(Dataset records)
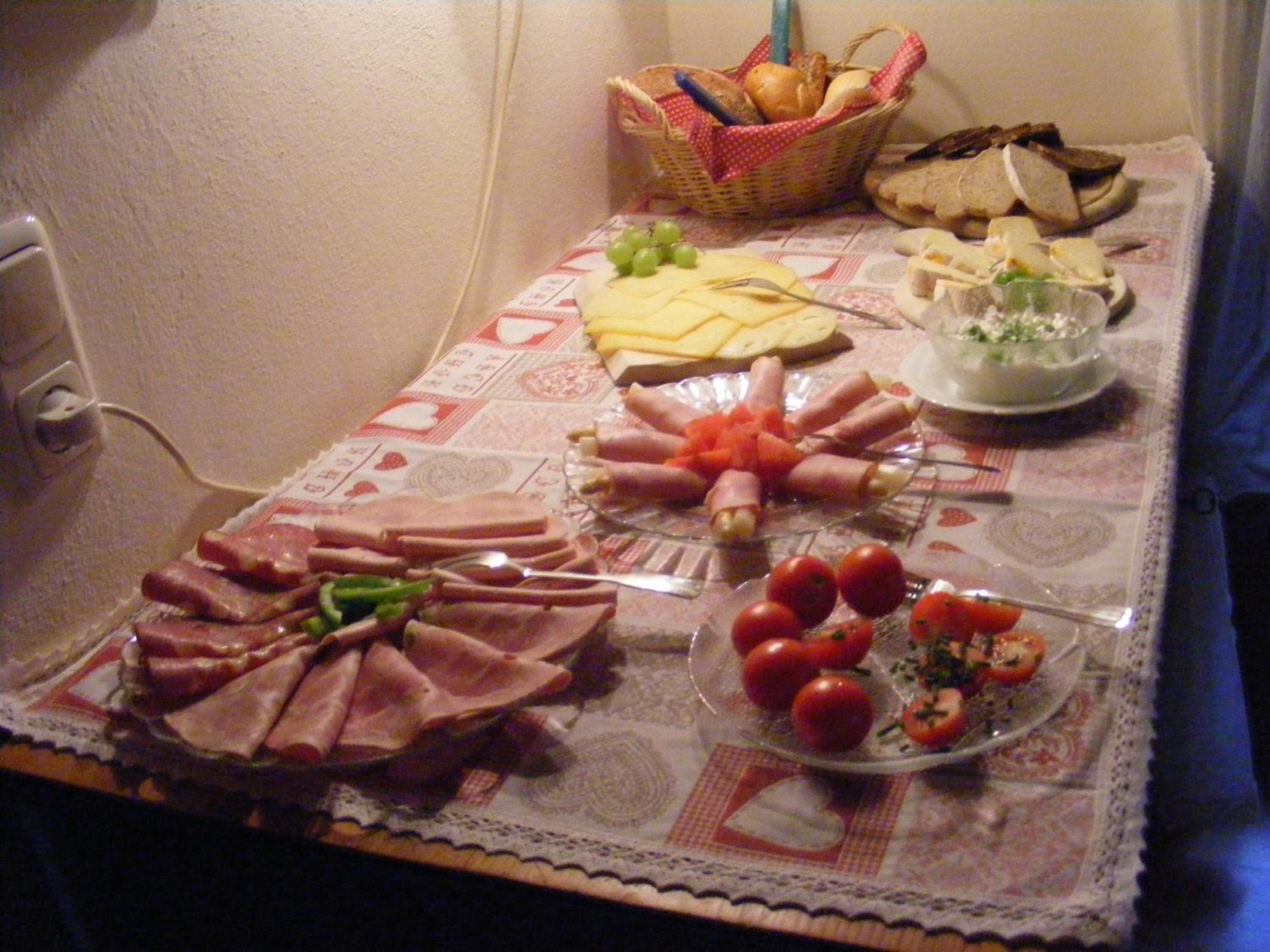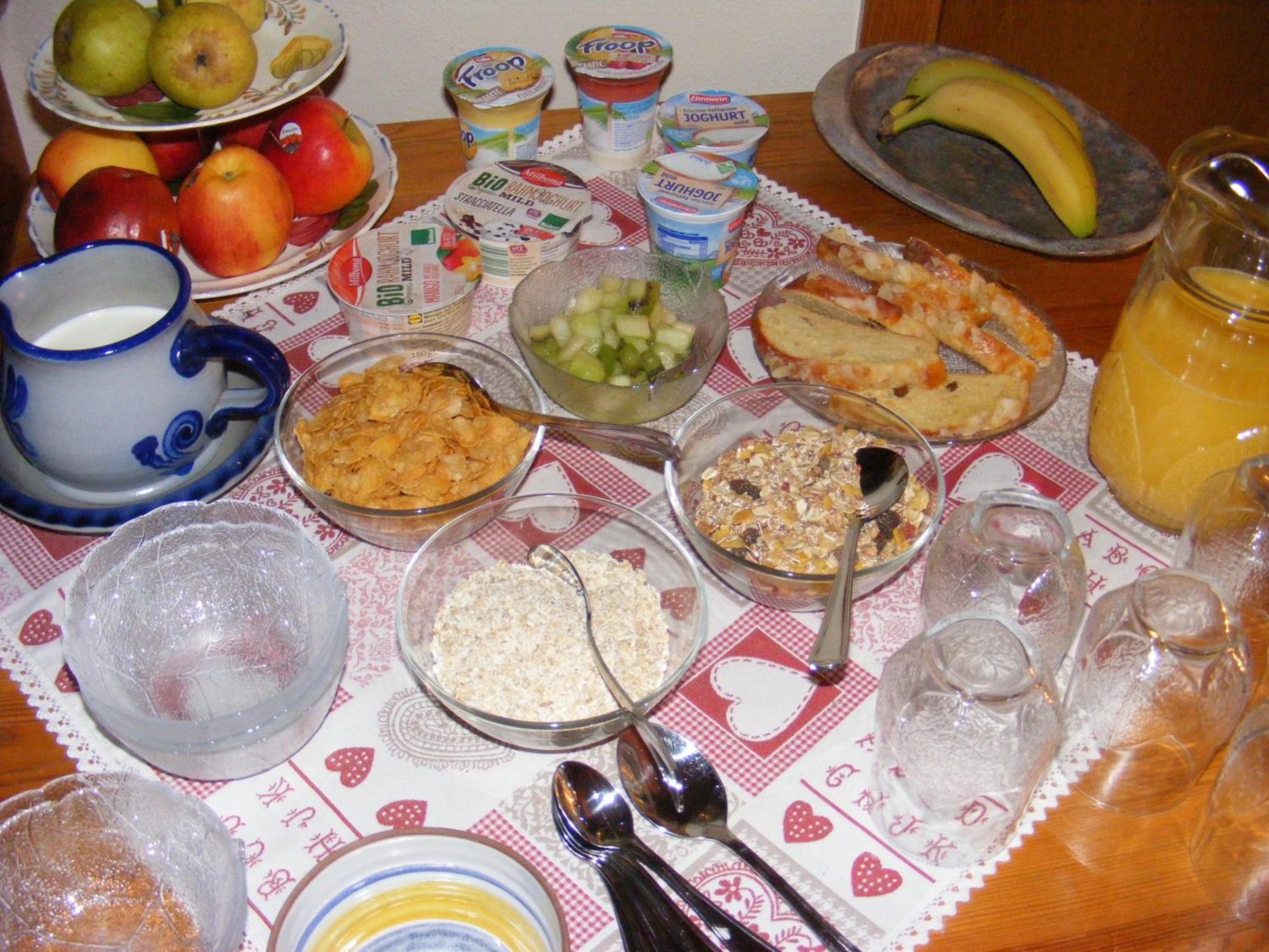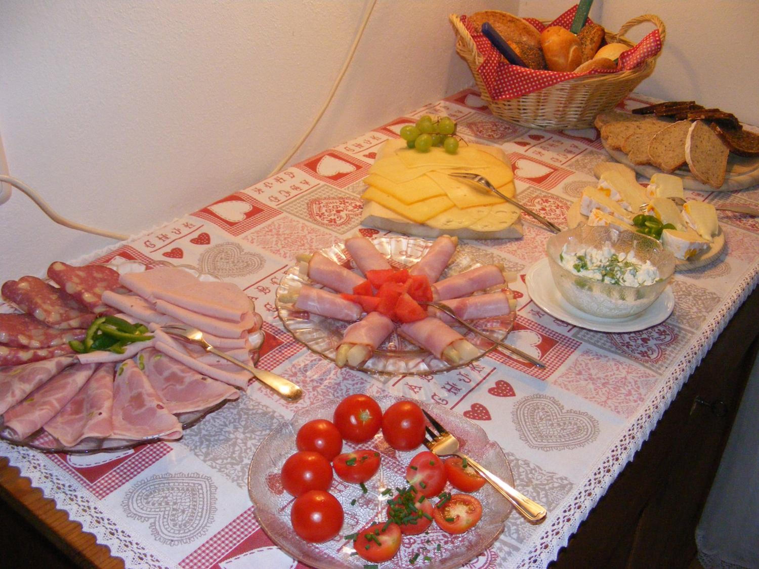 Start your day right with a buffet breakfast featuring a variety of dishes, fruits, and cheese at Gästehaus Möschel.
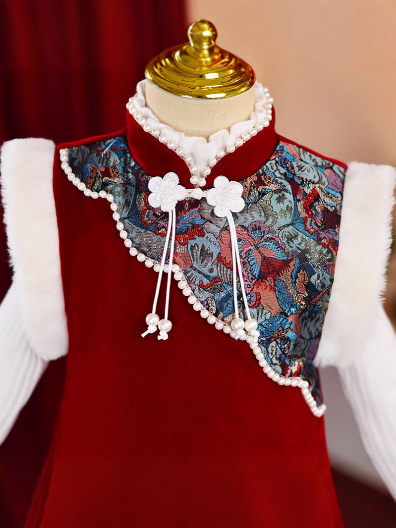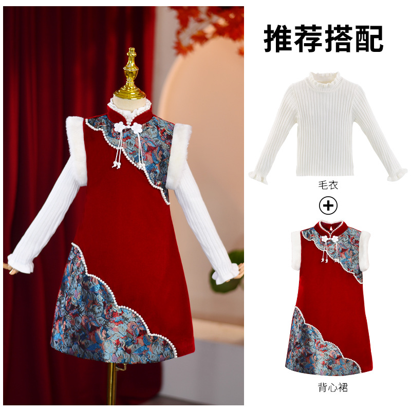 Для девочек бархатное платье Зимний теплый набор Малый и средний детский чонсам детский костюм новый китайский костюм принцессы юбки
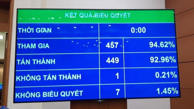 92,96% đại biểu Quốc hội ủng hộ.
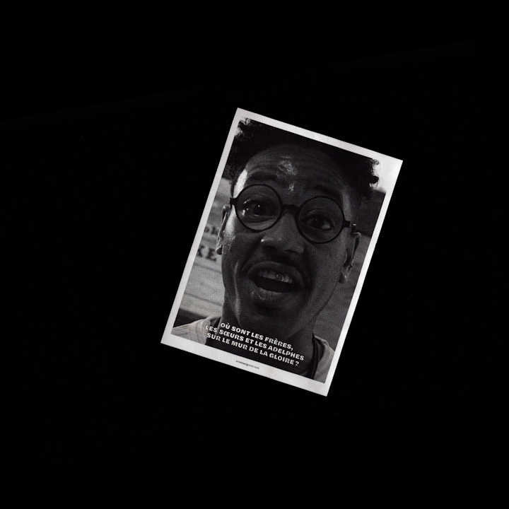 Pour tenter de remédier à cette absence, je propose un projet de hacking, d’irruption spontanée de ces personnalités dans les espaces publics où l’art et le design noir est encore trop absent — à commencer par les murs de mon lieu d’étude.
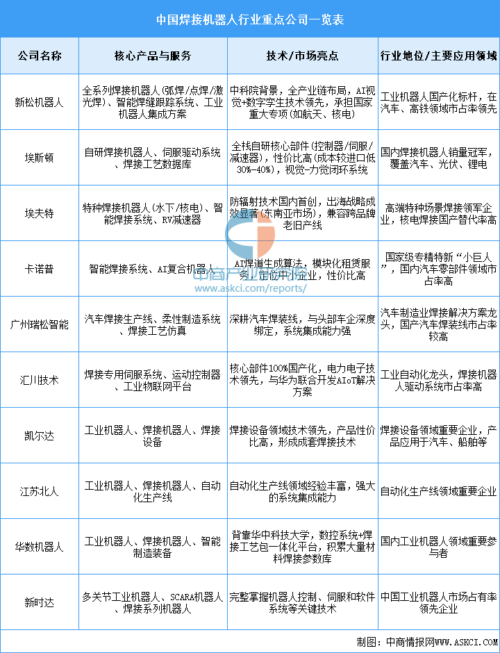 5.焊接机器人行业重点公司
(End Dataset records)
__Brief__: The answer must repeat every record exactly, with all pictures left out.

__Solution for this task__:
 Start your day right with a buffet breakfast featuring a variety of dishes, fruits, and cheese at Gästehaus Möschel.
 Для девочек бархатное платье Зимний теплый набор Малый и средний детский чонсам детский костюм новый китайский костюм принцессы юбки
 92,96% đại biểu Quốc hội ủng hộ.
 Pour tenter de remédier à cette absence, je propose un projet de hacking, d’irruption spontanée de ces personnalités dans les espaces publics où l’art et le design noir est encore trop absent — à commencer par les murs de mon lieu d’étude.
 5.焊接机器人行业重点公司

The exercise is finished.